Pay close attention to how family factors into your relationship. If he seems disinterested in spending time with your family, and only seems happy when discussing faraway states you could move to, this suggests he wants full control of your life and is unwilling to share. On the other hand, if he seems to hate his own family that’s a clear indication that he respects no one—and at some point it will be your turn to feel his wrath.

5. He seems to fluctuate between extreme highs and lows, or hot and cold behavior.

His attitude on things changes drastically—which means his feelings on you might change just as abruptly. He may love and fawn over you one minute, but then turn around and be exceptionally cruel. His dangerous lows may not necessarily involve physical abuse, but could still be loud and destructive tantrums or aggressive verbal bullying that make you feel afraid. This may even suggest he has a major personality disorder such as Borderline, Anti-Social or at least Bipolar. This behavior only gets worse as time goes on.
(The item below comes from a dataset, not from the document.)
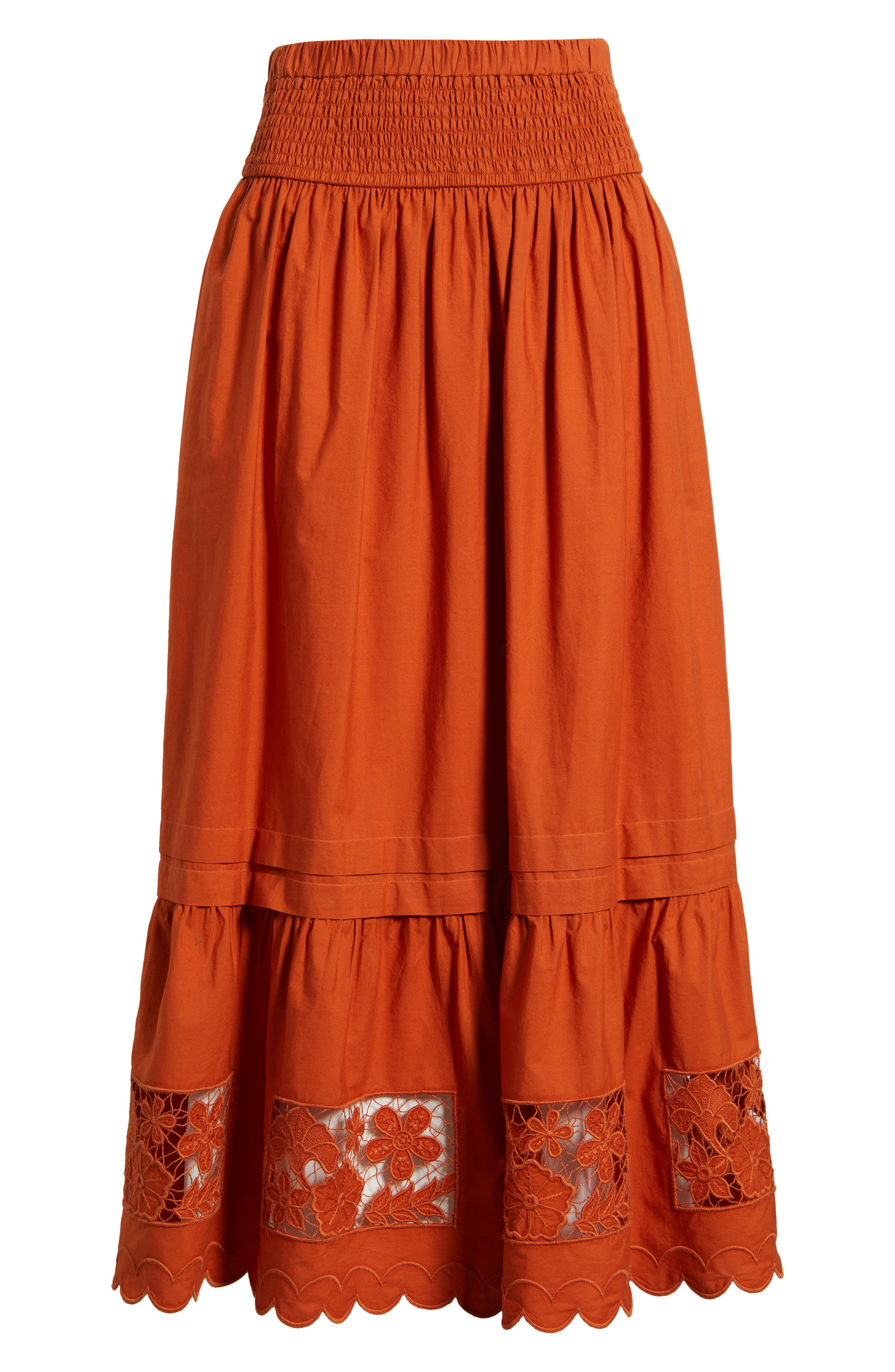 LOVE THE LABEL Nolan Smocked Waist Embroidered Cotton Eyelet Midi Skirt in Cinnamon at Nordstrom

6. He guilts you or manipulates you into getting his way all the time.

This is another subtle form of aggressive behavior and something that, upon first glance, seems odd but not really dangerous. However, living with a passive-aggressive partner gets old fast. He is basically a bully and selfishly motivated, since he “punishes” you with silent treatment or moody fits, or embarrasses you in front of others, and so on. These are manipulative tactics, meaning he uses them on you to get his way rather than negotiate equal rights like most couples do.

7. You always seem to feel stupid or unworthy around them.

Gaslighting is a form of abuse that involves twisting the truth to make an innocent partner feel insane or doubt her own memories. The abusive husband who gaslights wants you to feel stupid and to always doubt what you feel (or even what you saw). Not only is he dishonest, but he also devalues your perspective and laughs off your feelings. In a normal, productive relationship, a man should always respect your feelings and opinions even if you don’t always agree.

Laughing at a partner’s vulnerability, emotionally or sexually, is also a personal betrayal and a major red flag. In any situation where a partner gives her complete trust, she expects her man to be respectful and supportive. This is why betraying that trust is unforgiveable. If he doesn’t respect you in the beginning, he will not learn respect for you over time. Having respect for women is what makes a real man in the first place.

If you notice any of these red flags in conversation, beware and have an exit strategy in mind. Now that you know the problem and can interpret these red flags, you can avoid Mr. Wrong and avoid losing years of your life!